Your camera’s built-in reflective light meter is very accurate. It evaluates the light reflecting from the entire scene with the goal of avoiding overexposure. This is fine for digital, where our goal is avoiding overexposure (blown-out highlights). Your matrix or evaluative meter is also an excellent tool for exposing transparency film. Again, like with pixels, the goal is to avoid overexposure.

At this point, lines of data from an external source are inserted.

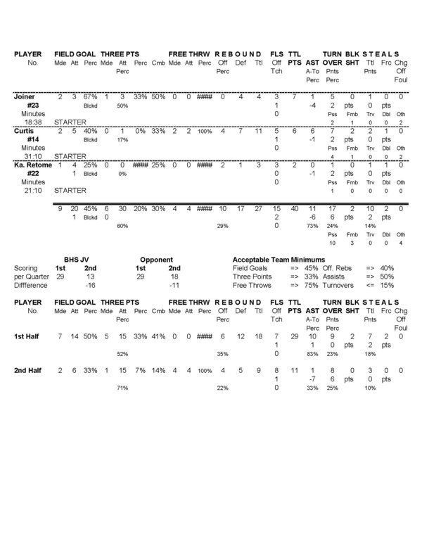 | Team Stats | 15 | 50 | 30.0 | 9 | 20 | 45.0 | 6 | 30 | 20.0 | 4 | 4 | 100.0 | 10 | 17 | 27 | 11 | 17 | .6 | 10 | 2 | 2 | 15 | 40 | ||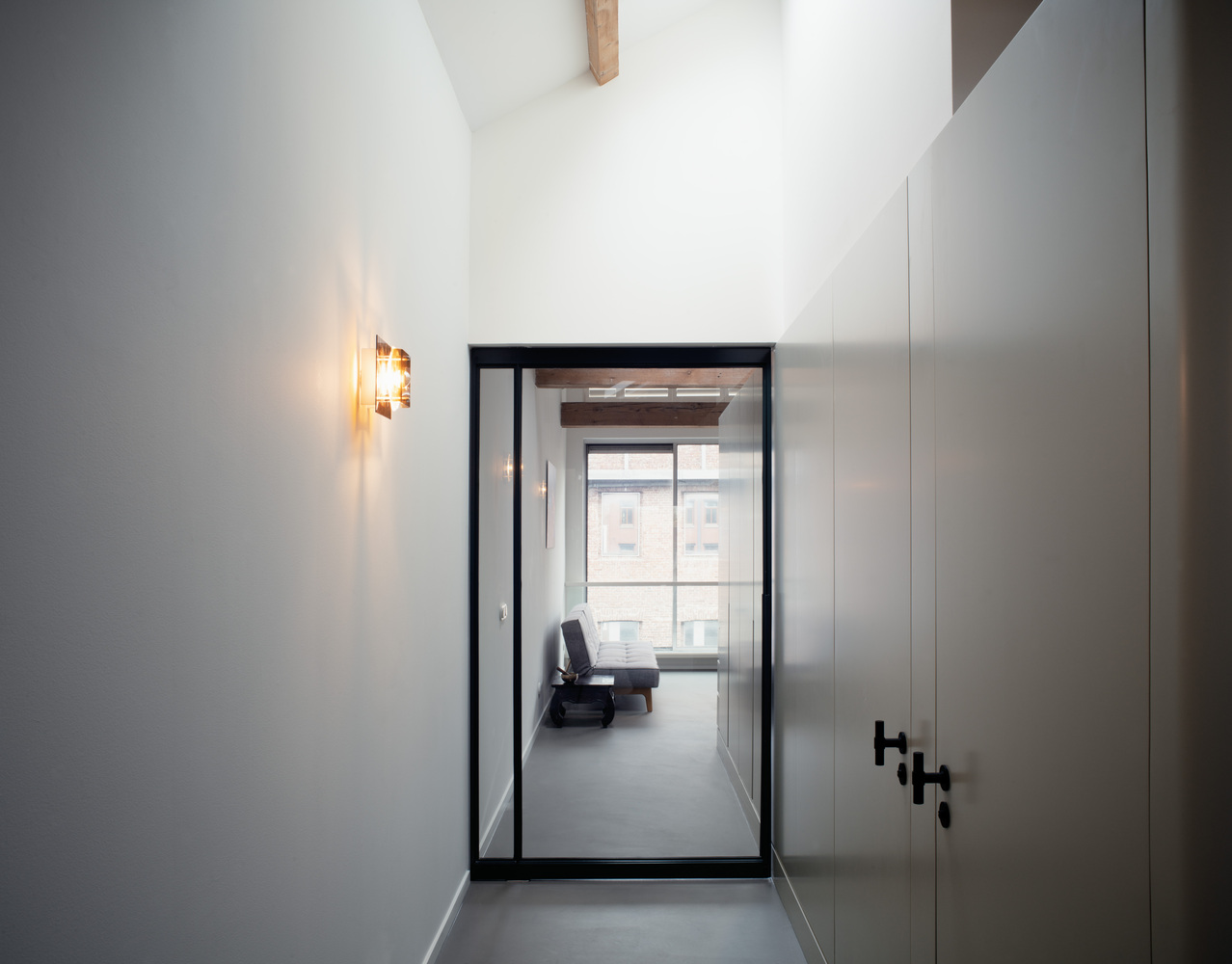 This apartment reimagines urban dwelling by connecting its interiors to the surrounding landscape. Whether sipping coffee while gazing at the canal and zoo from the cathedral-like living space or relaxing in the bedroom bath with courtyard views, the architecture invites a deeper relationship between indoor life and the city outside.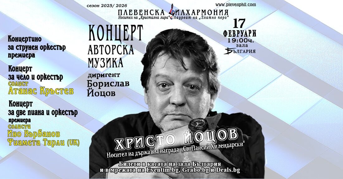 На 13 февруари от 19 ч. в зала "Катя Попова" в Плевен и по традиция на рождения ден на маестро Христо Йоцов – 17 февруари, от 19 ч., в зала "България" в София, Плевенската филхармония ще представи 2 концерта с негова авторска музика.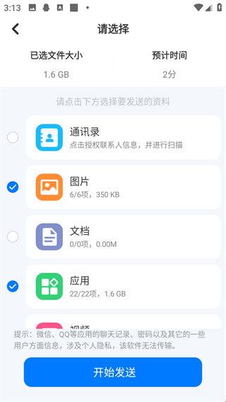 2、可以一键传输图片,频频,备忘录,通讯录,提醒事项等。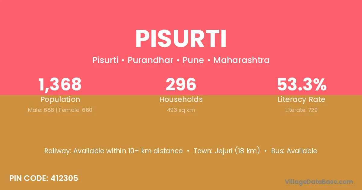 Jejuri (18 km) is the nearest town to Pisurti village for major economic activities and is located approximately 18 km away.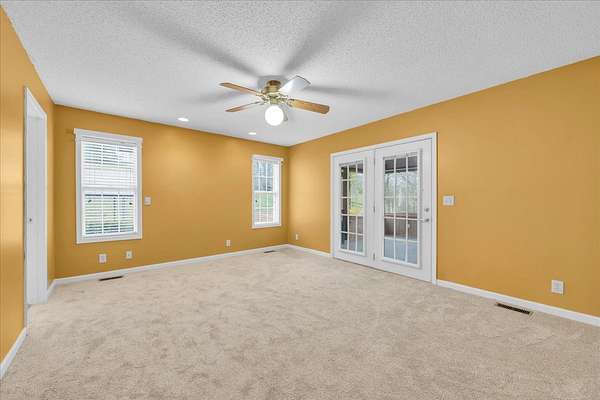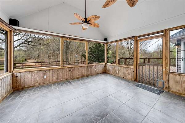 Step out from your primary bedroom to your own private covered, screened deck, offering panoramic views of the property and a perfect spot to unwind.

Properly exposing negative film requires a completely different approach. Whilst negative film has tremendous latitude, proper exposure is still important for consistent results. Rather than using a meter that evaluates the amount of light reflecting from the subject, we need a meter that can measure the brightness of the shadow area in our image. We want to allow enough light to pass through the aperture and shutter of our camera to properly expose for shadows, not the highlights. This allows film density to build and prevents underexposure. Failure to allow enough light to reach the film often results in muddy, underexposed negatives and poor quality prints.
But the digital light meters on the market are too expensive, and the analog ones are not so accurate and are not always convenient to use.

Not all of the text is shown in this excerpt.